When the search is complete the results of each group are presented to you to navigate through. You can then do one of three things:
- If the group contains genuine duplicates, use the existing Merge feature in the Edit metadata menu to resolve the duplicate book entries.
- If the group contains non duplicates, you can mark the group as exempt to prevent those books or authors from appearing together in future searches.
- Skip the group for now and just move to the next one, either deferring your decision or to mark all remaining groups as exemptions when finished.
New to version 1.4 is a "Find metadata variations" menu which allows you to find variations of author, publisher, series and tag names and rename directly on this dialog. Again a number of different matching algorithms are available for use.

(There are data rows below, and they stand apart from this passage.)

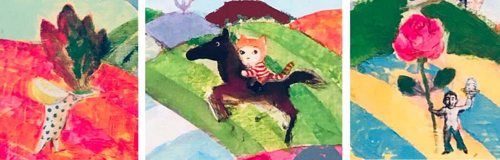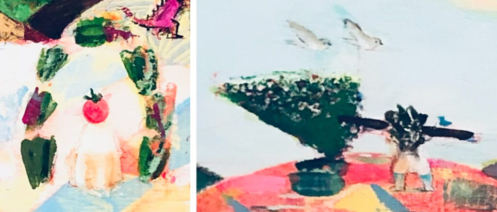 (画像④)は、宮崎に来たとき最初に⾒た、緑の中をひらひらと泳ぐ鯉のぼりがすごく綺麗で、その印象を描きたいなぁと思い絵にしました。(画像⑤)はタンポポなんですけど、綿⽑に⾍たちが⾶んできているのが可愛いくて、⼦どもが⾍の気持ちになって綿⽑を持っている様⼦を描きました。
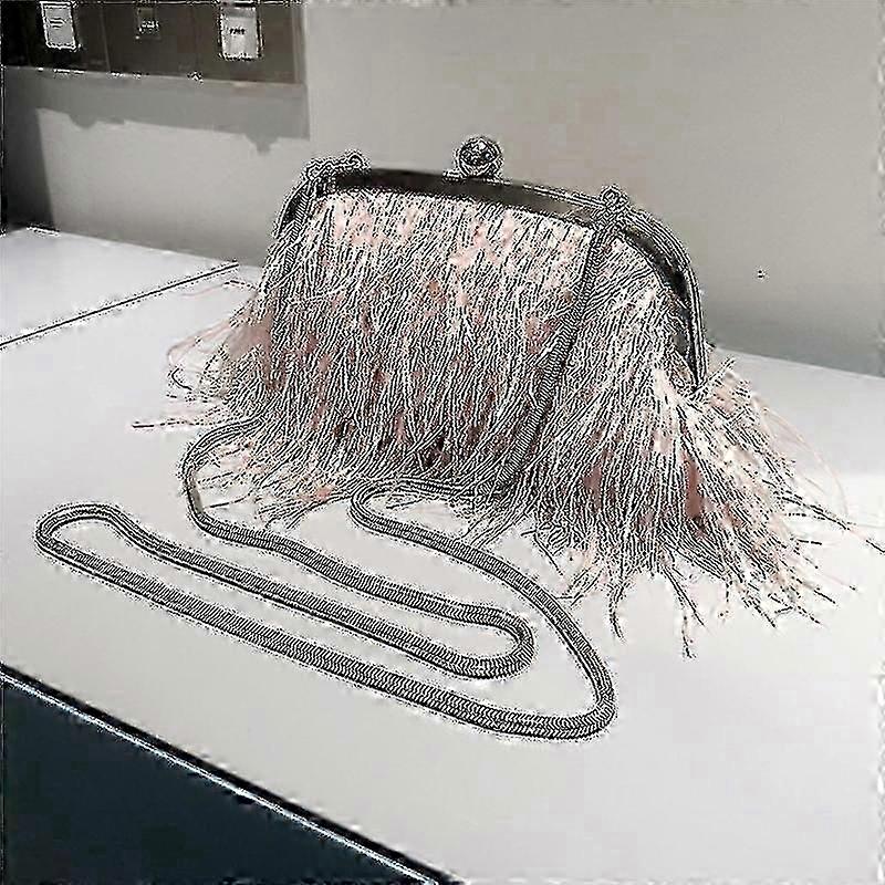 Ladies Handbag Feather Clutch Bag Luxury 2 Type Snake Chain &Pearl Short Chain
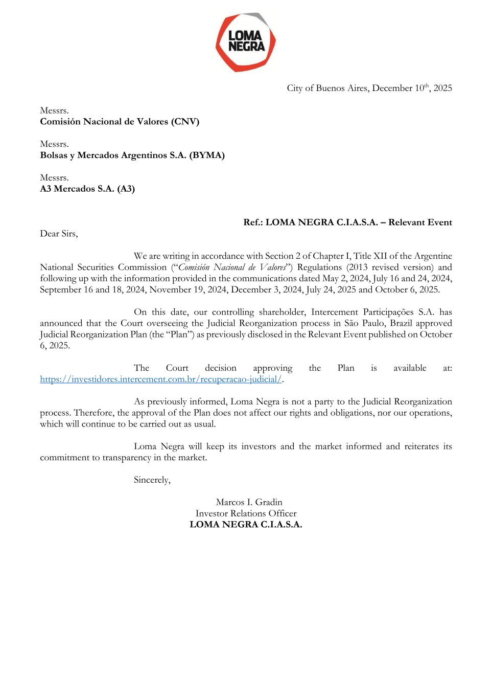 City of Buenos Aires, December 10th, 2025 Messrs. Comisión Nacional de Valores (CNV) Messrs. Bolsas y Mercados Argentinos S.A. (BYMA) Messrs. A3 Mercados S.A. (A3) Ref.: LOMA NEGRA C.I.A.S.A. – Relevant Event Dear Sirs, We are writing in accordance with Section 2 of Chapter I, Title XII of the Argentine National Securities Commission (“Comisión Nacional de Valores”) Regulations (2013 revised version) and following up with the information provided in the communications dated May 2, 2024, July 16 and 24, 2024, September 16 and 18, 2024, November 19, 2024, December 3, 2024, July 24, 2025 and October 6, 2025. On this date, our controlling shareholder, Intercement Participações S.A. has announced that the Court overseeing the Judicial Reorganization process in São Paulo, Brazil approved Judicial Reorganization Plan (the “Plan”) as previously disclosed in the Relevant Event published on October 6, 2025. The Court decision approving the Plan is available at: https://investidores.intercement.com.br/recuperacao-judicial/. As previously informed, Loma Negra is not a party to the Judicial Reorganization process. Therefore, the approval of the Plan does not affect our rights and obligations, nor our operations, which will continue to be carried out as usual. Loma Negra will keep its investors and the market informed and reiterates its commitment to transparency in the market. Sincerely, Marcos I. Gradin Investor Relations Officer LOMA NEGRA C.I.A.S.A.

Version 1.5 has added the ability to perform duplicate comparisons across multiple libraries. So for instance if you have a "working" library and a "main" library, you can search for duplicates between those libraries with the same range of algorithms and produce a report for later resolution.
Main Features of v1.6.1:
- Searches either your entire library or respecting any search restriction set at the time you Find Duplicates.

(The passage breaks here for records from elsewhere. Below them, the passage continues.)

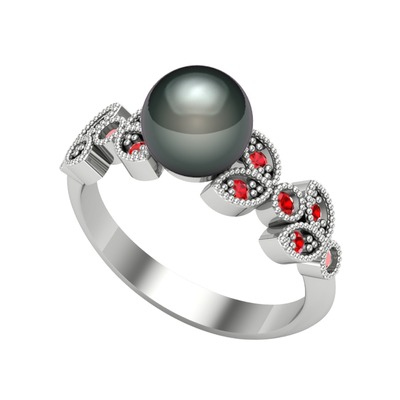 Siyah inci ve garnet 925 ayar gümüş yüzük
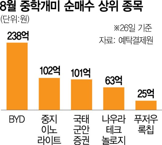중학개미들을 다시 끌어온 배경은 중국 증시가 고공 행진을 이어간 영향이 크다. 인베스팅닷컴에 따르면 상해종합 지수는 이달 들어 7.12% 급등했다. 미국 연방준비제도(Fed·연준)의 기준금리 인하 기대감에 오는 10월 공개 예정인 중국 정부의 첨단산업 육성 정책 기대가 맞물려 투심을 자극했다. 특히 중국 내 혁신 기업 중에서도 상위 50곳을 추린 중국 과창판50 지수는 이달 들어서만 21.28% 폭등했다.
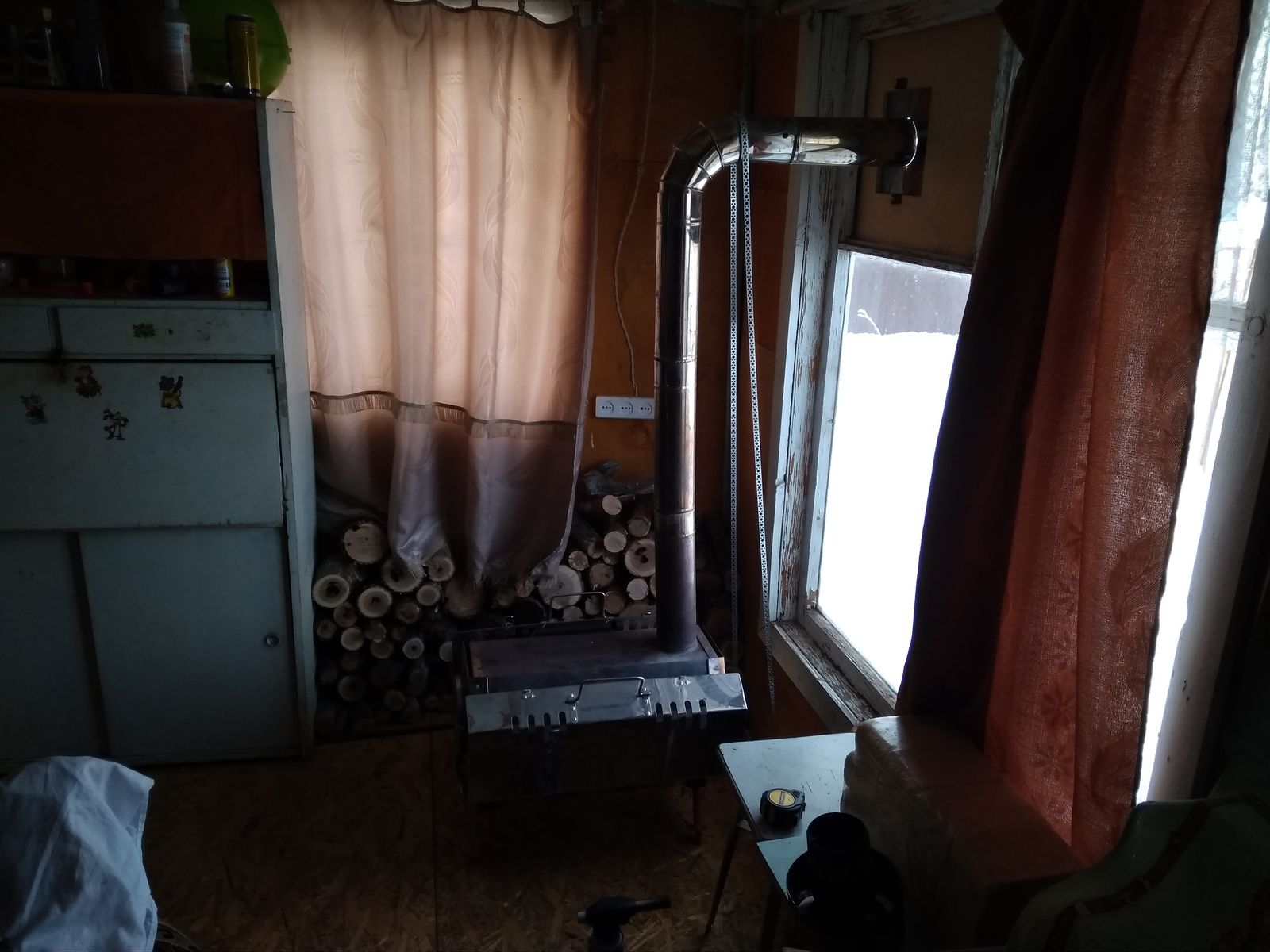 У дымохода одно колено под 45? Сколько длинна всего дымохода?vovan писал(а):Приветствую, Алексей. У меня на даче выведена просто через окно и металлическая разделка, по тому же типу, что и в палаткеОрлов Алексей писал(а):Все привет.Хочу прикупить согру к своему комплекту.Есть ещё мысль поставить ее в бытовку на даче.Только не знаю как разделку сделать через стену.Есть у кого то опыт,может готовое решение какое то есть?
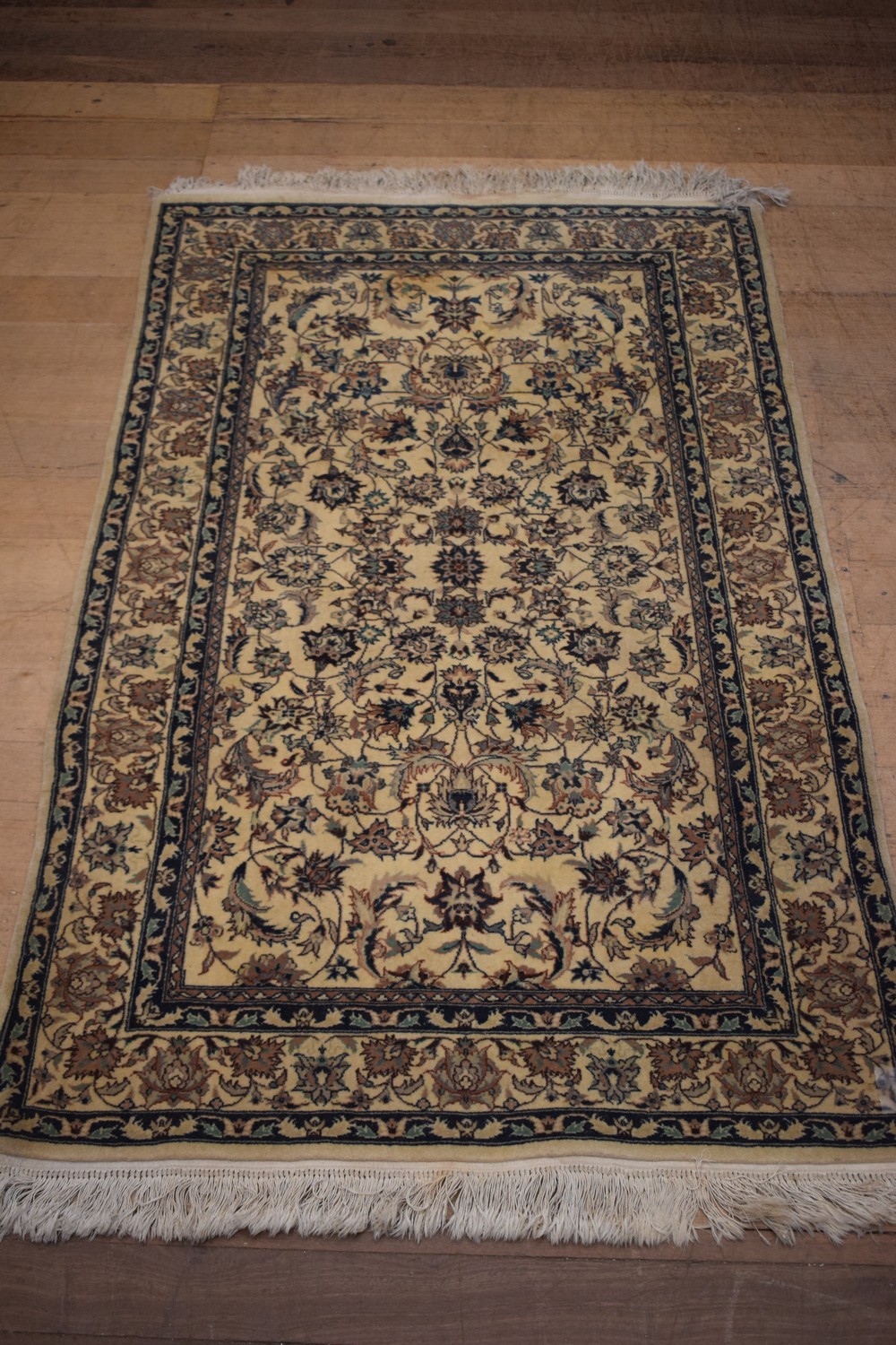 A HANDMADE 100% WOOL PERSIAN RUG IN CREAM AND BLUE TONES (A/F) (171 x 94 CM) (LEONARD JOEL DELIVERY SIZE: LARGE)

- Choose your desired combination of title and author matching from any of "identical", "similar", "soundex", "fuzzy" or "ignore" algorithms.
- Choose alternative algorithms such as matching identifiers or binary comparison.
- View the results either one group at a time, or showing all duplicate candidates at once using highlighting to show the groups.
- When doing author duplicate searches (ignore title), optionally highlight the authors under consideration in the tag browser for ease of renaming
- Sort the result groups either by title/author (default) or by the size of the group
- Fine tune the soundex algorithm options to make them "fuzzier" or more explicit matching.
- Optionally include the languages field when comparing titles, so intentionally using the same book title in different languages does not show as duplicates.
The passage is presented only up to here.